:: WORK INSTRUCTIONS ::
Omitting all pictures, print the lines of the listing from the one containing "團(tuán)隊(duì)成" through the final line, both ends included, with no other text.

(PROVIDED DATA begins)

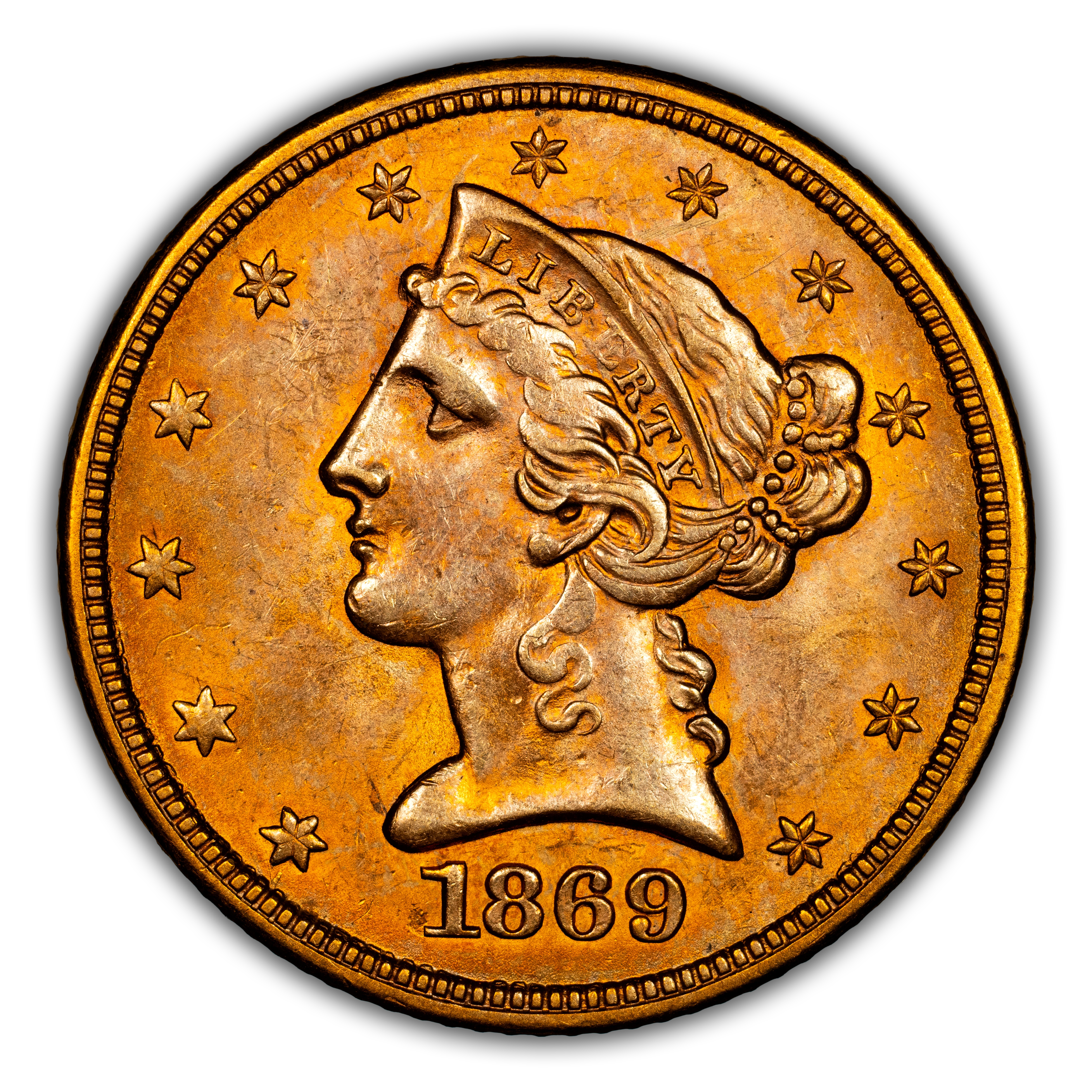 1869-S $5 AU53 PCGS. PCGS Population: (8/7 and 0/1+). NGC Census: (8/23 and 1/0+). CDN: $2,770 Whsle. Bid for NGC/PCGS AU53...
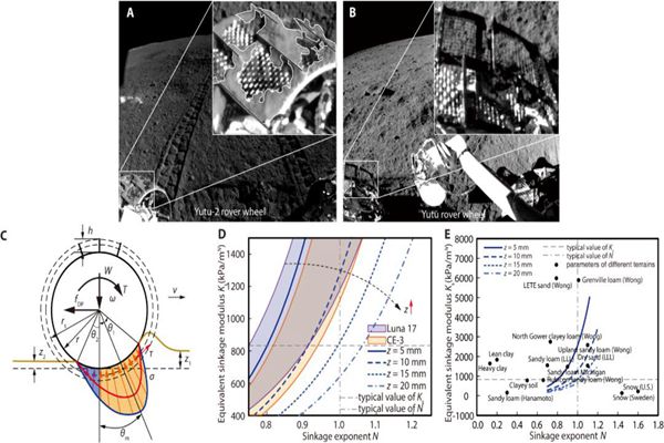團(tuán)隊(duì)成員根據(jù)月球車車輪與月面作用的信息和地面力學(xué)模型估計了月壤的力學(xué)特性,結(jié)果表明,月壤風(fēng)化層的承壓特性與地球上的干沙和沙壤土類似,與美國阿波羅計劃中的典型月壤相比具有更強(qiáng)的承壓特性。在多個不同地點(diǎn)的圖像中,觀察到“玉兔二號”車輪粘附有大塊團(tuán)狀土壤,而“玉兔號”車輪基本不存在粘土現(xiàn)象,這表明,嫦娥四號著陸區(qū)附近月壤內(nèi)聚力較大,其原因可能是包含較高比例的凝集物,使土壤顆粒經(jīng)車輪碾壓更易團(tuán)聚。
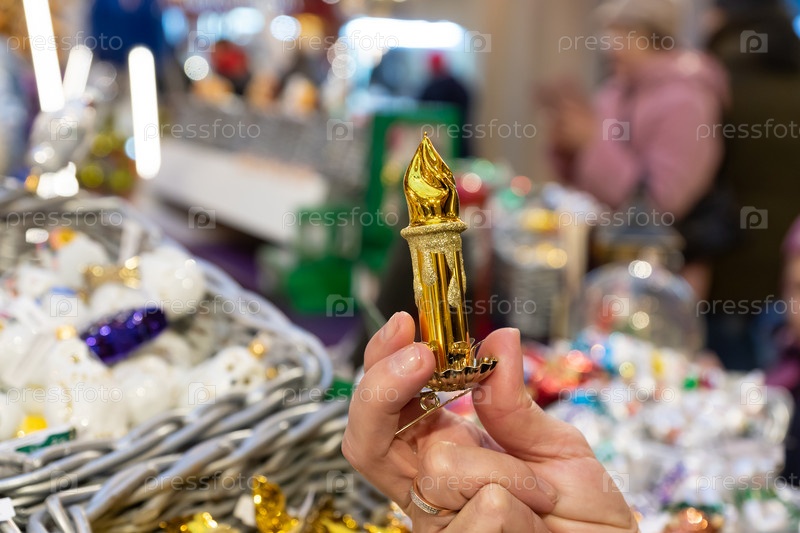 Женская рука держит в магазине игрушечную свечу, рождественское украшение. Подготовка к праздникам
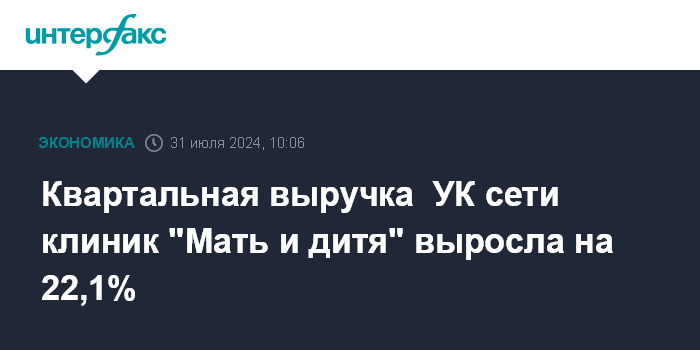 Квартальная выручка УК сети клиник "Мать и дитя" выросла на 22,1%

(PROVIDED DATA ends)

:: PROBLEM SOLUTION ::
團(tuán)隊(duì)成員根據(jù)月球車車輪與月面作用的信息和地面力學(xué)模型估計了月壤的力學(xué)特性,結(jié)果表明,月壤風(fēng)化層的承壓特性與地球上的干沙和沙壤土類似,與美國阿波羅計劃中的典型月壤相比具有更強(qiáng)的承壓特性。在多個不同地點(diǎn)的圖像中,觀察到“玉兔二號”車輪粘附有大塊團(tuán)狀土壤,而“玉兔號”車輪基本不存在粘土現(xiàn)象,這表明,嫦娥四號著陸區(qū)附近月壤內(nèi)聚力較大,其原因可能是包含較高比例的凝集物,使土壤顆粒經(jīng)車輪碾壓更易團(tuán)聚。
 Женская рука держит в магазине игрушечную свечу, рождественское украшение. Подготовка к праздникам
 Квартальная выручка УК сети клиник "Мать и дитя" выросла на 22,1%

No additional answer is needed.